» **Data under study**:
****************
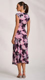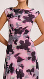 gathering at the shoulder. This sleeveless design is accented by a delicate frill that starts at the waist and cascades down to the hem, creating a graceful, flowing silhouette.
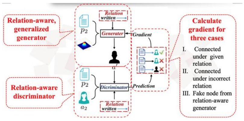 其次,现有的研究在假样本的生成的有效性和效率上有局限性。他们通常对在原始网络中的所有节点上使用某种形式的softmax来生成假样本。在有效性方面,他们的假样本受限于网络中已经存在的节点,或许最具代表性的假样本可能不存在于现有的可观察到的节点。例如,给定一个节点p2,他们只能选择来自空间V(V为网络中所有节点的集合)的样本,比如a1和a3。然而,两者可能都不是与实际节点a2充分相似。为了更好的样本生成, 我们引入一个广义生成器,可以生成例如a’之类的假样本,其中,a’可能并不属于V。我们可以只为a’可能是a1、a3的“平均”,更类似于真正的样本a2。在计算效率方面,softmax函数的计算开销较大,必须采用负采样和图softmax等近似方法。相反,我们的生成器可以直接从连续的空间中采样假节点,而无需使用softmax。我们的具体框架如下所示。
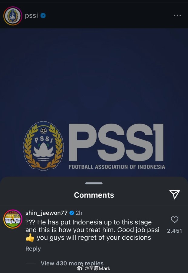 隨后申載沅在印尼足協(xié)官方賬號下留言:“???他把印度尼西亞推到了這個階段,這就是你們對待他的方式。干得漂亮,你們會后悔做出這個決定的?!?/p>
****************
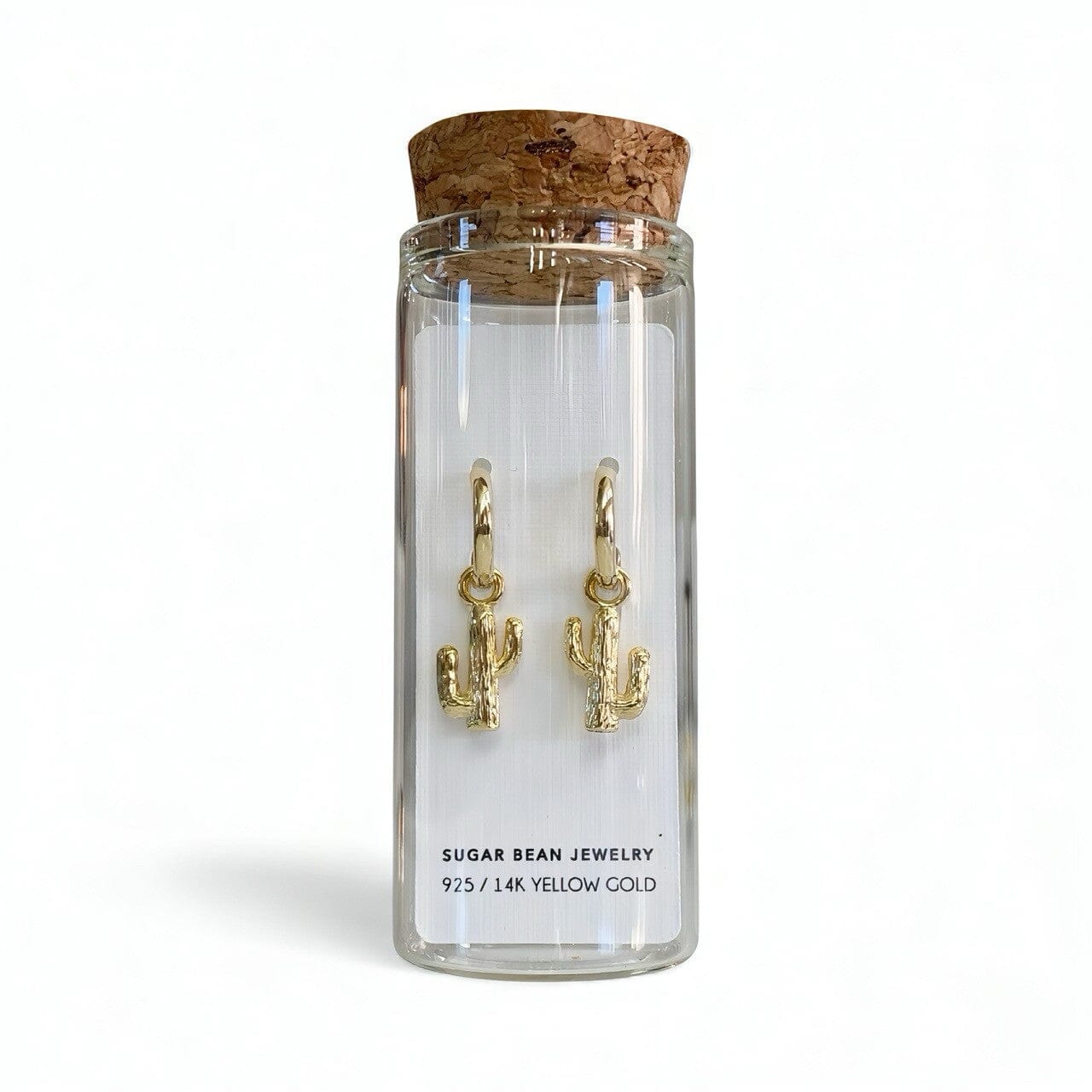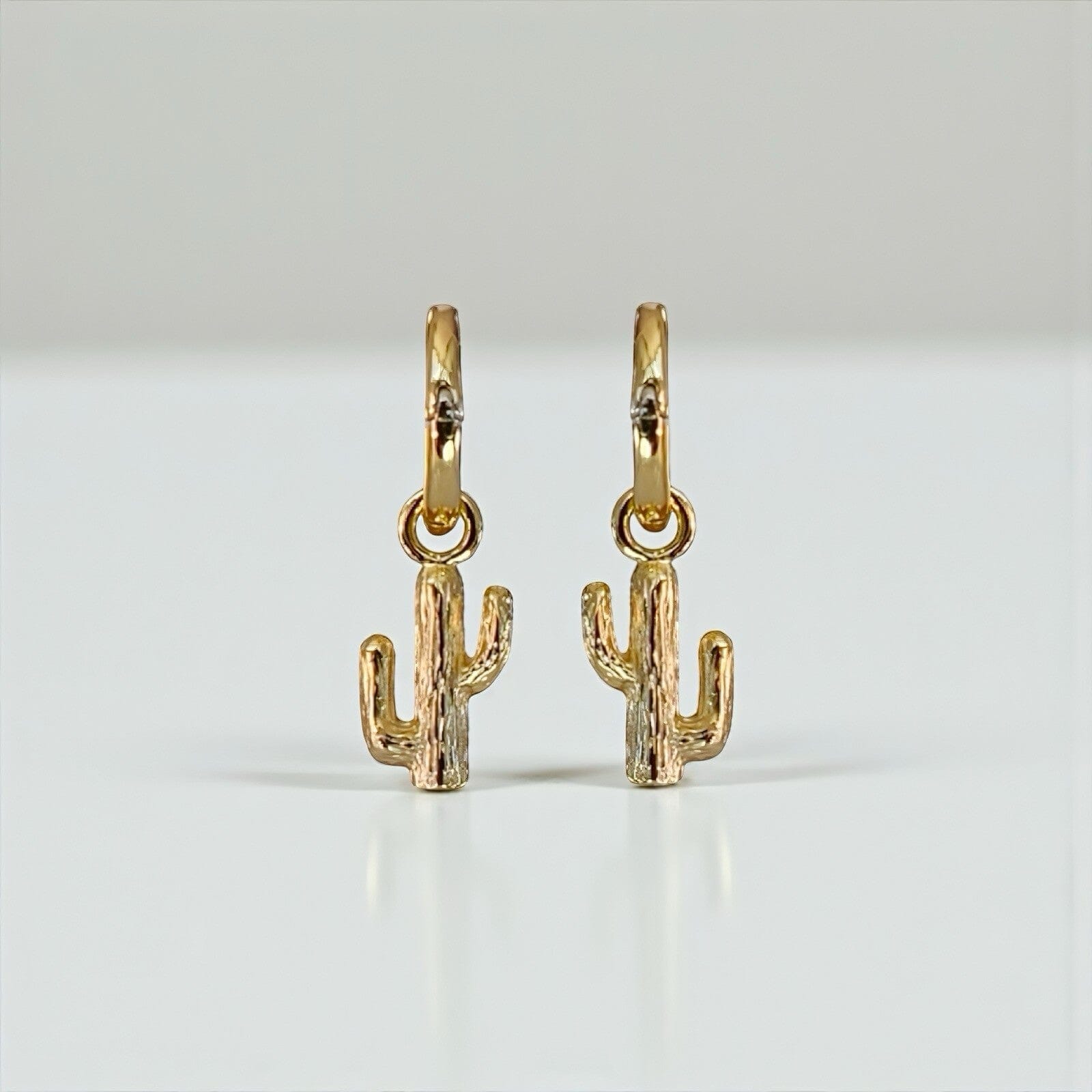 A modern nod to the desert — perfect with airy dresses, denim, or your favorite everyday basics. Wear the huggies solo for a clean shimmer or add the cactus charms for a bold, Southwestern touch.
****************
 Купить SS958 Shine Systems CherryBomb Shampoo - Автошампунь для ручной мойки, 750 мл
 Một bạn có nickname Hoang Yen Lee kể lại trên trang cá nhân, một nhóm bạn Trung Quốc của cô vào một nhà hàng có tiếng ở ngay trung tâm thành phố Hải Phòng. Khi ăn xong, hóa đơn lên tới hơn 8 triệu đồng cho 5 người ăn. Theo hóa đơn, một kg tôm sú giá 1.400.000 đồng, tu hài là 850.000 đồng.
****************
In the entries above, find the line that contains "gathering at the" and the line that contains "隨后申載沅在印尼足協(xié". Reproduce exactly those two lines and every line between them, but not the pictures.

 gathering at the shoulder. This sleeveless design is accented by a delicate frill that starts at the waist and cascades down to the hem, creating a graceful, flowing silhouette.
 其次,现有的研究在假样本的生成的有效性和效率上有局限性。他们通常对在原始网络中的所有节点上使用某种形式的softmax来生成假样本。在有效性方面,他们的假样本受限于网络中已经存在的节点,或许最具代表性的假样本可能不存在于现有的可观察到的节点。例如,给定一个节点p2,他们只能选择来自空间V(V为网络中所有节点的集合)的样本,比如a1和a3。然而,两者可能都不是与实际节点a2充分相似。为了更好的样本生成, 我们引入一个广义生成器,可以生成例如a’之类的假样本,其中,a’可能并不属于V。我们可以只为a’可能是a1、a3的“平均”,更类似于真正的样本a2。在计算效率方面,softmax函数的计算开销较大,必须采用负采样和图softmax等近似方法。相反,我们的生成器可以直接从连续的空间中采样假节点,而无需使用softmax。我们的具体框架如下所示。
 隨后申載沅在印尼足協(xié)官方賬號下留言:“???他把印度尼西亞推到了這個階段,這就是你們對待他的方式。干得漂亮,你們會后悔做出這個決定的?!?/p>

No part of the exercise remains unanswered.